= John EchoHawk =

American lawyer

John E. Echohawk (Pawnee, born August 12, 1945) is a Native American attorney and founder of the Native American Rights Fund, established in 1970. He is a leading member of the Native American self-determination movement. In 2024, he was elected to the American Philosophical Society.

==Early life and education==
John E. Echohawk was born on August 12, 1945, into a Pawnee family and is an enrolled citizen of the tribe.

In 1970, Echohawk earned his JD, becoming the first Native American to graduate from the University of New Mexico School of Law. He decided to use his knowledge to benefit Native Americans who do not understand Native American legal and political issues.

==Career==

Echohawk is the older brother of Idaho politician Larry Echo Hawk, who served as Idaho's attorney general from 1991 to 1995, and as director of the Bureau of Indian Affairs in the Obama administration. John was influential in encouraging Larry to earn his JD.

John Echohawk served on President Obama's first transition team, coordinating Indian affairs. He was considered by the Obama administration as a possible nominee to the federal bench. The brothers are cousins of Walter Echo-Hawk, a senior staff attorney at the Native American Rights Fund who contributed to the Native American Graves Protection and Repatriation Act.
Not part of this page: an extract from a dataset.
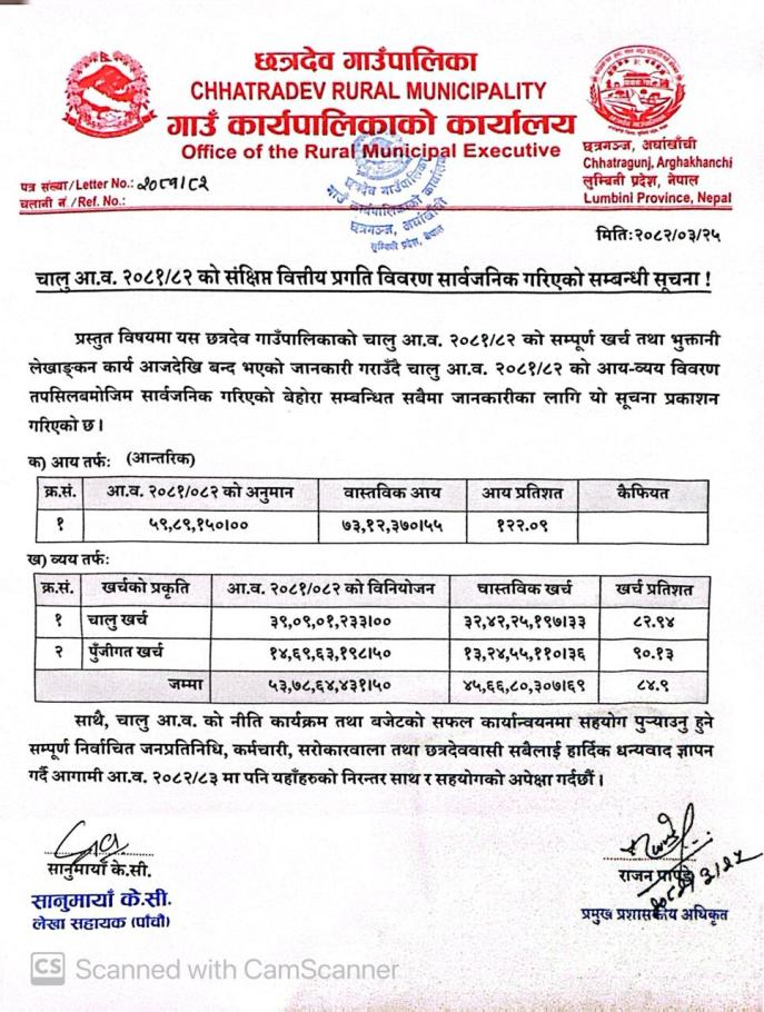 चालु आ.व. २०८१/८२ को संक्षिप्त वित्तीय प्रगति विवरण सार्वजनिक गरिएको सम्बन्धी सूचना !

=== Native American Rights Fund ===
After law school, Echohawk joined the staff of California Indian Legal Services then joined other lawyers and tribal members to form the Native American Rights Fund in 1970, which was similar in goals to the National Association for the Advancement of Colored People (NAACP) (both were based on civil rights activism of minority groups). The Native American Rights Fund is a non-profit law firm dedicated to protecting indigenous rights in the U.S. and around the world. Echohawk centered the Native American Rights Fund's focus around preserving tribes, protecting tribal resources, protecting human rights, ensuring government responsibility, expanding Indian law and educating people about Indian issues. Through the group, Echohawk has had a range of civil rights successes, from government recognition of the reach of tribal sovereignty to passage of the Native American Graves Protection and Repatriation Act; the Native American Rights Fund embodies the mission to: preserve tribal existence, protect tribal natural resources, promote human rights, ensure accountability of governments, and, develop Native North American law and educate the public about Native American rights, laws, and issues.

In August 2023, Echohawk was honored with the American Bar Association's Thurgood Marshall Award.